A touring second-generation “first family of theater,” the Baxters (Cliff Chamberlain as Richard, Heather Wood as Fanny and Stephen Louis Grush as James, all in fine turns) find their lives and careers intersecting with the vast wealth of the Lippincotts, represented in compelling embodiments of noblesse oblige by Janet Ulrich Brooks as the benevolent patron and Lucas Hall as her son, Walter. When the manmade mountain lake that provides recreation for the rich floods and destroys the working-class town of Johnstown below (in reality, killing more than 2,200 people in 1889, the most devastating disaster in U.S. history at the time), the play takes a definitive shift in tone. The humorous, airy comedy of manners that makes up the first act suddenly becomes a tragedy that overtly echoes the devastation of Hurricane Katrina.

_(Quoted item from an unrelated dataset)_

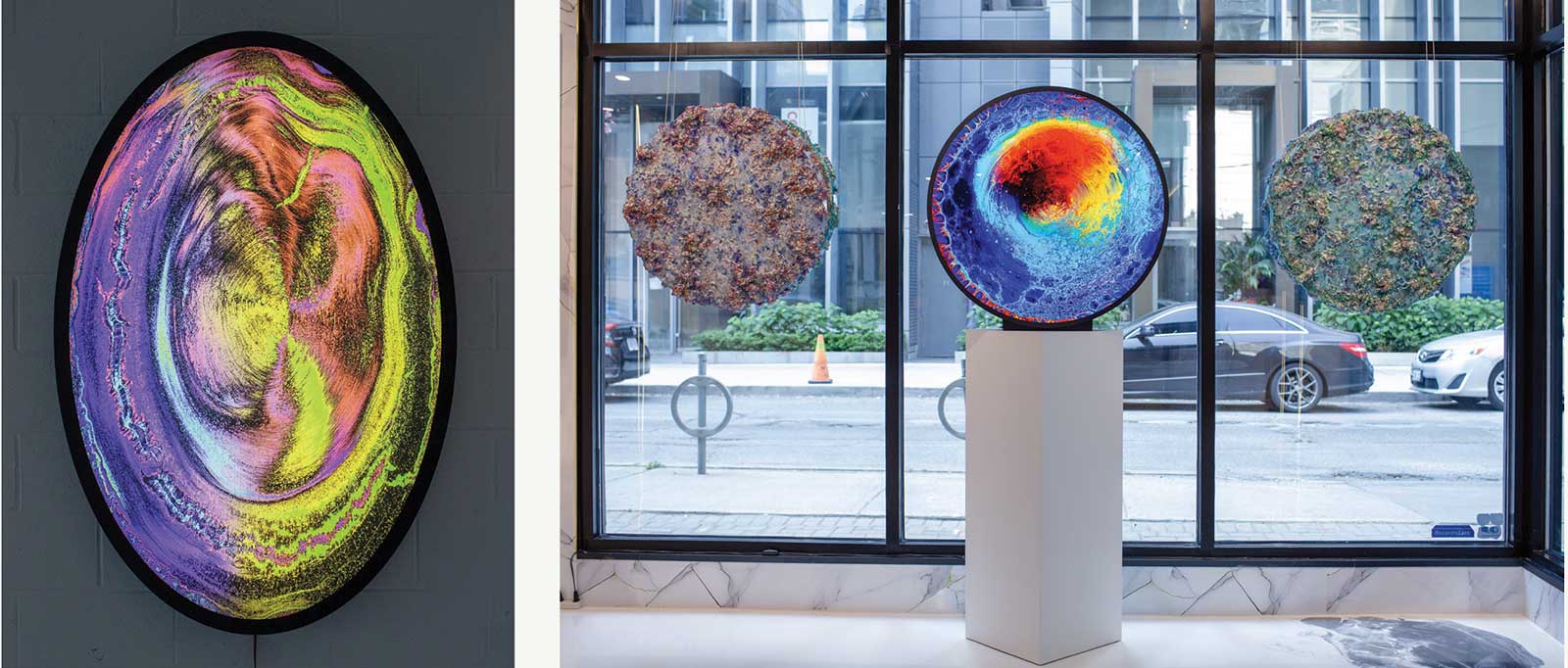 Luminato Gallery, Untitled: Colour-Shifting, mixed media on tempered glass, stainless steel, and LED, 60 x 40 in., by Emre Namyeter; Installation shot of Luminato Gallery featuring artworks by Victoria Kovalenchikova and Emre Namyeter.

Goodman commissioned this play, and in this production director Robert Falls is a collaborator of equal authority. The complex scenic machinations and the portrayal of epic devastation, wrought by set designer Walt Spangler, elevate the work. Richard Woodbury’s sound design is similarly spectacular; early on, I swore there were ducks flying around the back of the theater. With “Avatar” making such hay at the cinema this year, it’s easy to imagine this as theater successfully trying to keep pace.
There’s still some editing to be done, alas. While the Baxters’ first-act plays-within-the-play offer humor and insight into the social mores of that time, they run on far too long. There’s a reason that the exaggerated Delsarte acting style of the era (think silent films) is long out of vogue. And the resolution of the story of the Baxter family seems a bit predictable, even if not a pat happy ending.
But “A True History of the Johnstown Flood,” works at a lot of ideas, and mostly works. At one point, James confronts American Red Cross founder Clara Barton with the anguished question, “Where is the authority?” and it resonates with the tragedy in New Orleans. So too, does the indictment of the social order and by extension government’s abdication in its face that underlies the entire play, not only in acts of nature augmented by man, like Johnstown or Katrina, but even by wholly manmade disasters of another ilk, like our recent economic catastrophe brought on by a meltdown of the financial system. But Gilman’s got equal disdain for her own world. Throughout this work, she features the play-within-a-play device to comment on the state of American theater, and its inability, or unwillingness, to reveal the truths of our times. Instead, it wallows in revivals of self-defined classics that seem strangely out-of-step with modern times, or resorts to shrill Marxism on the other end of the spectrum or, worst of all, it candy coats even the saddest of tragedies with the polished pabulum of Broadway. And Broadway will probably love it. (Brian Hieggelke)
“A True History of the Johnstown Flood” plays at the Goodman Theatre, 170 North Dearborn, (312)443-3800, through April 18.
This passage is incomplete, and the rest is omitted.